### [THE INPUT]
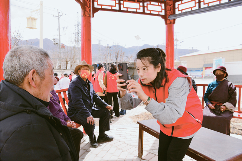我国实施全民参保计划,织就世界上覆盖人口规模最大的社会保障安全网。图为2023年3月8日,青海省黄南藏族自治州社保局工作人员为参保群众认证。中国社会保障杂志社供图
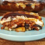 - Σε ταψάκι ρίξε το μισό μείγμα. Πασπάλισε με το μισό τριμμένο τυρί και τελείωσε με το υπόλοιπο μείγμα και το υπόλοιπο τριμμένο τυρί.
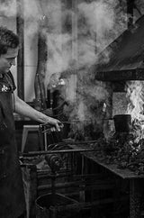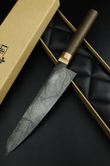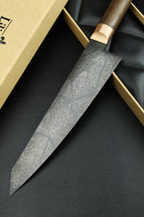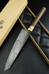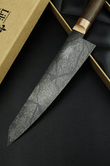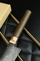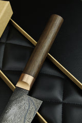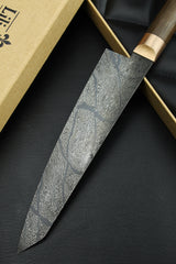 Blau, Schwarz, Silber oder Grau - die Schattierungen unserer vier Hauptstähle spiegeln sich im Damast in Form von Sternen wider. Der Griff besteht aus einem Stück Eiche, dessen Veredelungsprozess im Jahr 800 v. Chr. in einem europäischen Flussbett begann.
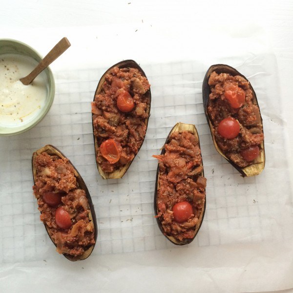 Gevulde aubergine met quinoa en een yoghurtsausje
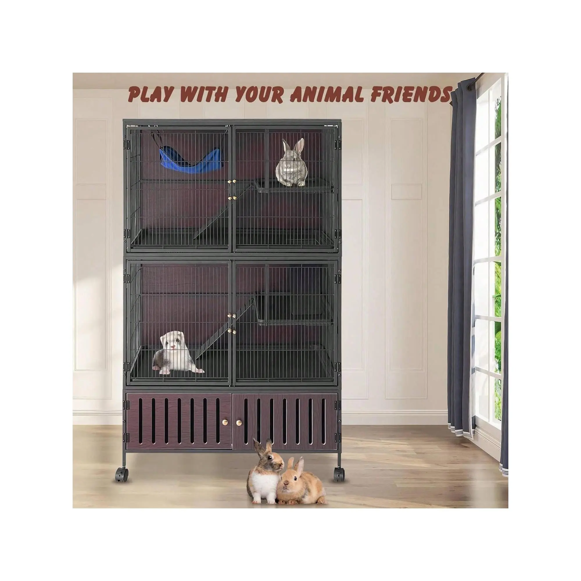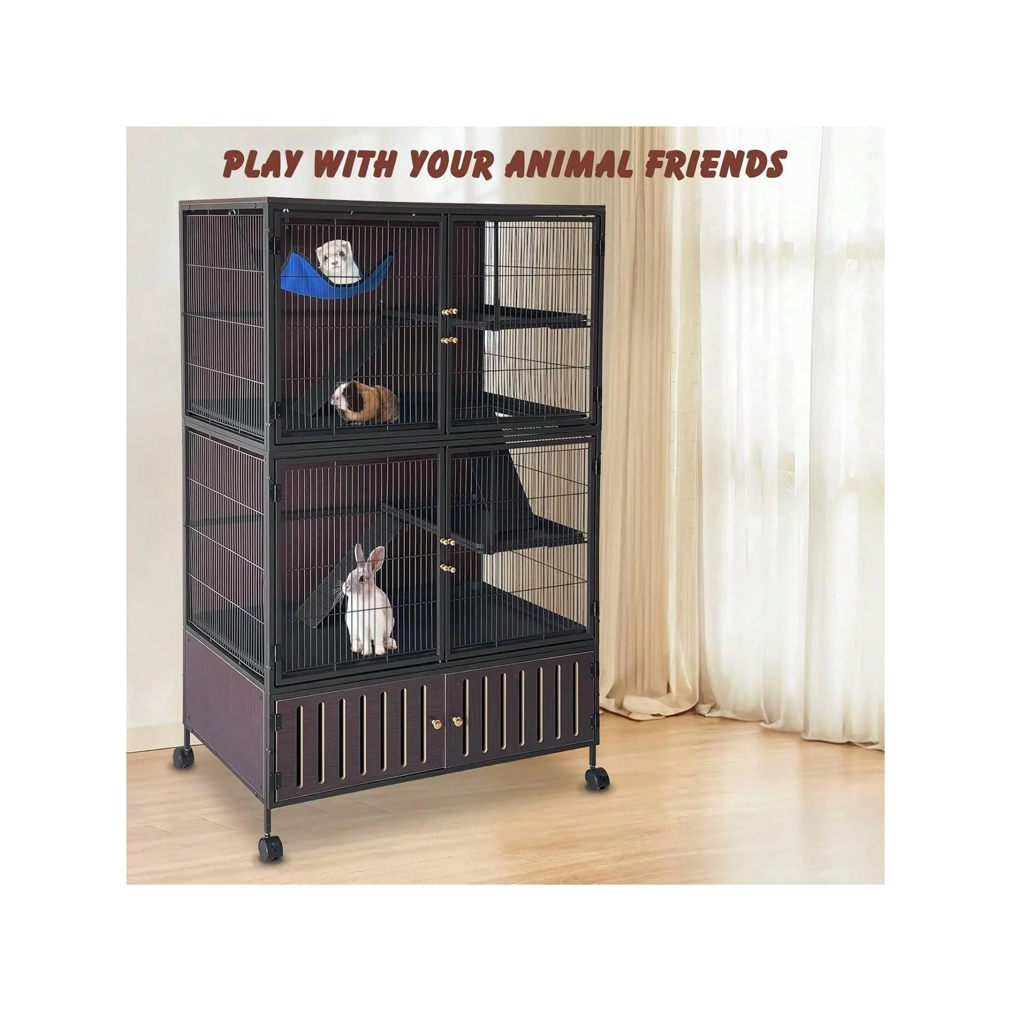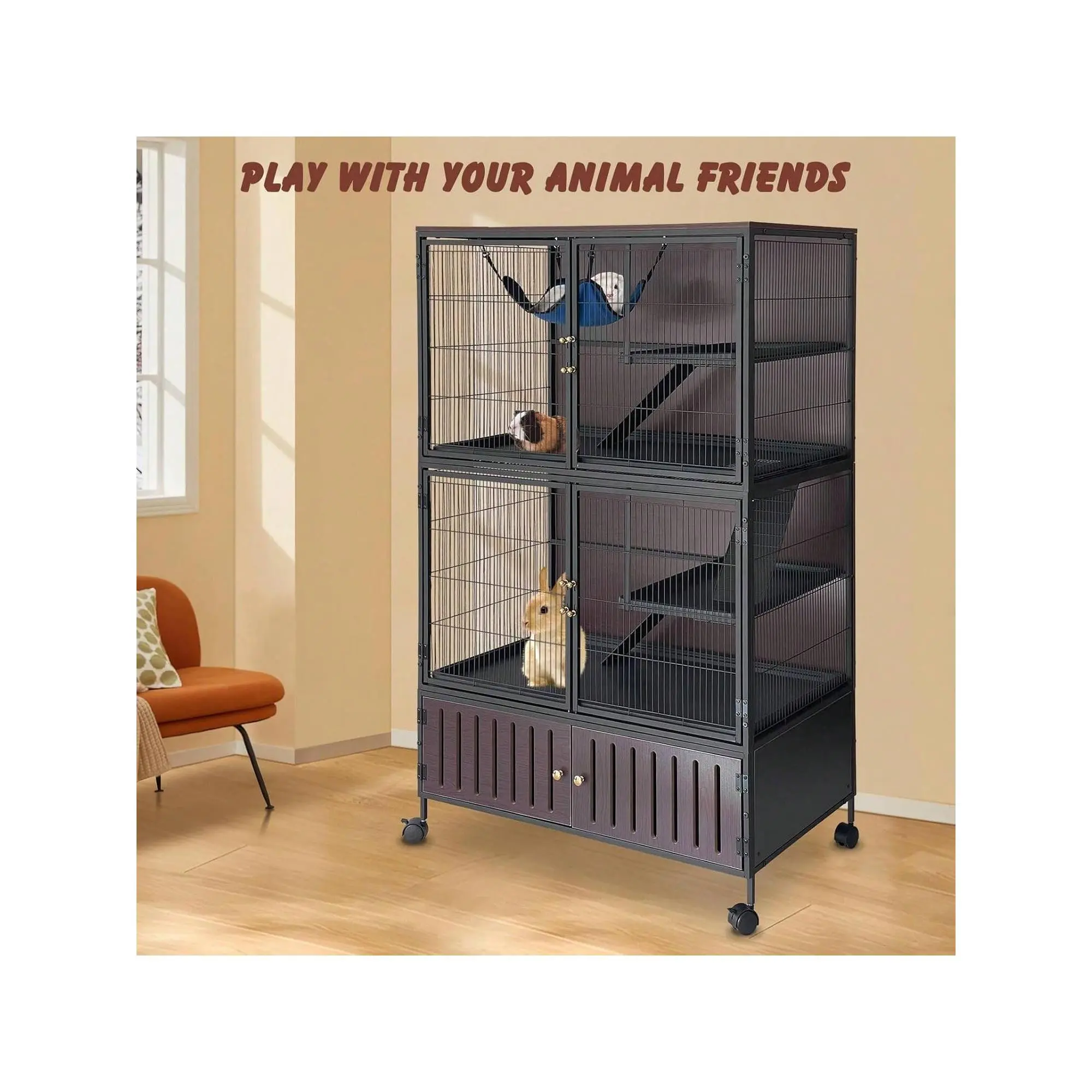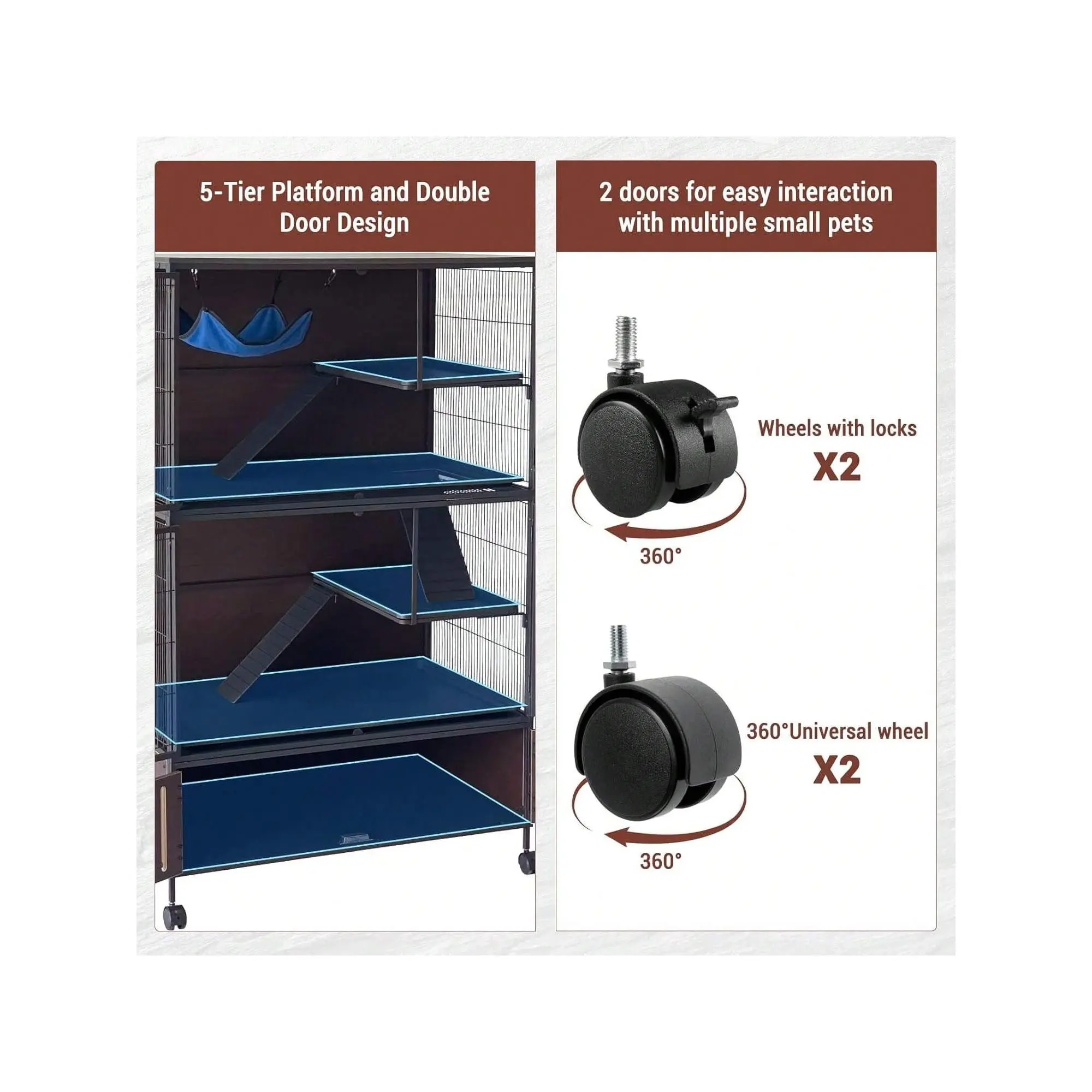 [Silent Universal Wheels for Sensitive Pets]The pet cage is equipped with four 360° silent universal wheels (two are lockable), and the shock-absorbing rubber casters minimize noise, suitable for pets such as chinchillas and sugar gliders that are sensitive to sound.Elevate your pet's lifestyle with a premium habitat that redefines co-living for you and your furry family.

### [TASK BRIEF]
All lines from the one containing "Gevulde aubergine met" through the end of the data are to be restated exactly, with nothing else and without the pictures.

### [EXERCISE SOLUTION]
 Gevulde aubergine met quinoa en een yoghurtsausje
 [Silent Universal Wheels for Sensitive Pets]The pet cage is equipped with four 360° silent universal wheels (two are lockable), and the shock-absorbing rubber casters minimize noise, suitable for pets such as chinchillas and sugar gliders that are sensitive to sound.Elevate your pet's lifestyle with a premium habitat that redefines co-living for you and your furry family.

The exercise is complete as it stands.